Keyboard shortcuts

Press or to navigate between chapters

Press S or / to search in the book

Press ? to show this help

Press Esc to hide this help

Understanding Linux kernel Oops

Kernel panic is when there is a fatal error from which the kernel cannot recover. So it forces the system into controlled system hang/reboot.
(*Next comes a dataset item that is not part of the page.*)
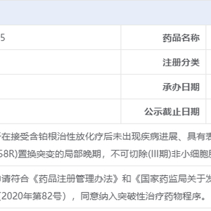 6月7日,中国国家药监局药品审评中心(CDE)官网公示,阿斯利康(AstraZeneca)递交的甲磺酸奥希替尼片已正式被纳入突破性治疗品种,针对的适应症为:奥希替尼用于在接受含铂根治性放化疗后未出现疾病进展、具有表皮生长因子受体(EGFR)外显子19缺失(Ex19del)或外显子21(L858R)置换突变的局部晚期不可切除(III期)非小细胞肺癌(NSCLC)成人患者的治疗。

There are 2 types of panics

  1. Hard panics (Aiee!)
  2. Soft panics (Oops!)

Oops

On faulty code execution or when an exception occurs kernel throws Oops.

When Oops occurs it dumps the message on the console. Message contains the CPU registers & the processor status of when the Oops occured.

The process that triggered the Oops gets killed ungracefully. There is a chance that the system may not resume from the Oops.

Understanding Oops Dump

We will be using the sample Oops dump below, this oops is generated from the kernel panic module from the Task of the mentorship.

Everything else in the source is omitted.